Johnson’s latest promise of 95% mortgages is just one part of a strategy his government has pursued to pour rocket fuel on the already hot property market.
In July, Rishi Sunak, Johnson’s chancellor of the exchequer, announced a one-year holiday on stamp duty—a tax homebuyers pay on most residential property purchases—for houses worth up to £500,000 and a reduction in the rate, to 5% from 8%, for properties between £500,000 and £925,000. The cuts helped spur a massive jump in the number of people looking to buy as soon as lockdown restrictions were lifted in July, with the number of buyers in the market up 38% from the same period in 2019 and, by one estimate, one in every seven houses in the country finding a buyer within a week of being listed.
But it remains to be seen whether deliberately using the housing market to help make Britons feel wealthier and more financially secure in otherwise grim economic times is such a good idea.

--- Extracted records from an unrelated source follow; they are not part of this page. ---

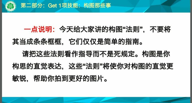陈老师围绕“区分拍照和摄像、get构图技能、交流拍照心得、赠送‘虚拟礼包’”四大部分展开本次培训会,为同学们教授丰富的拍照技巧,清晰生动的ppt使大家眼前一亮。
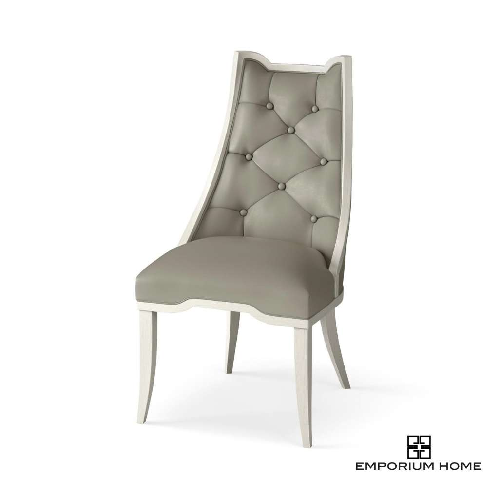 Logan Dining Chair-Antique White-Chesterfield Grey Leather
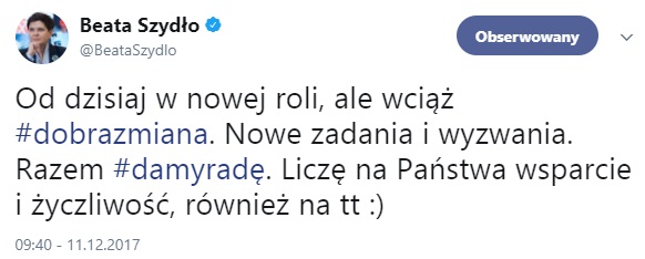 Jak była premier skomentowała na Twitterze swoją nową rolę?
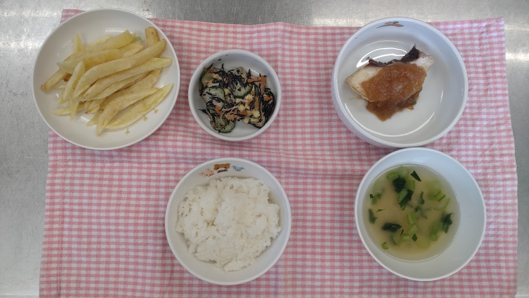 ・魚の玉ねぎソースかけ ・ひじきサラダ ・大根味噌汁
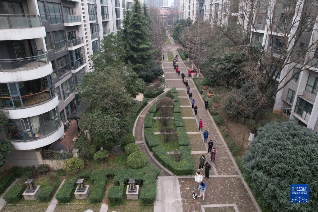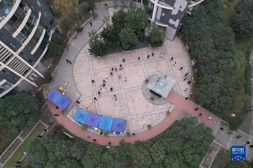 12月23日,在西安一小區(qū),居民排隊(duì)進(jìn)行核酸檢測(cè)(無人機(jī)照片)。新華社記者 邵瑞 攝
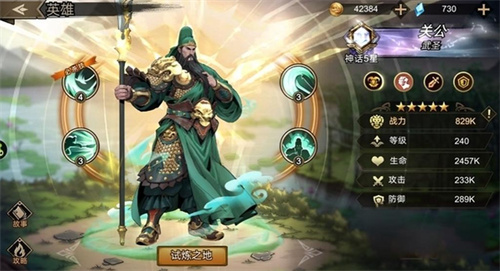 关公是大家很熟悉的角色,在游戏中属于坦克类型的定位,他本身的攻击力较为特殊,可以对敌人造成高额的伤害,同时还能附带吸血的效果,并将已经近身的敌人击飞,为玩家争取到足够多的生存能力。他的大招技能也可以对敌人进行两次伤害,而处于攻击状态时,身上会有无敌的buff并释放威压效果,让敌人无法移动。

At the end of the September, the Bank of England voiced concern about big U.K. banks not properly scoring the risk of residential mortgages and not reserving enough capital to cover potential losses. Some banks were assigning “inappropriately low” measures of risk to home loans, the BOE’s Prudential Regulation Authority said. The finding is adding to concerns about the stability of a financial sector that already is facing a potential tidal wave of $99 billion in bad debt due to the pandemic.
As a result, it is considering tightening reserve requirements. “It is imperative that risk weights are calculated and set prudently to ensure individual firms have sufficient capital for the risks they are exposed to,” the BOE said in the proposal published Wednesday. Bloomberg reported that some banks were applying an average risk rate of just 10% to mortgages in their own risk models, compared to 35% in the model the banking regulator uses.
After all, as some affordable housing advocates point out, getting a mortgage is one thing. Being able to pay for it is quite another.
“You have to question whether the Prime Minister is in touch with reality,” Shelter’s Neate said. “He is talking about giant mortgages at a time when more than 320,000 private renters have fallen behind on their rent as a result of COVID-19.”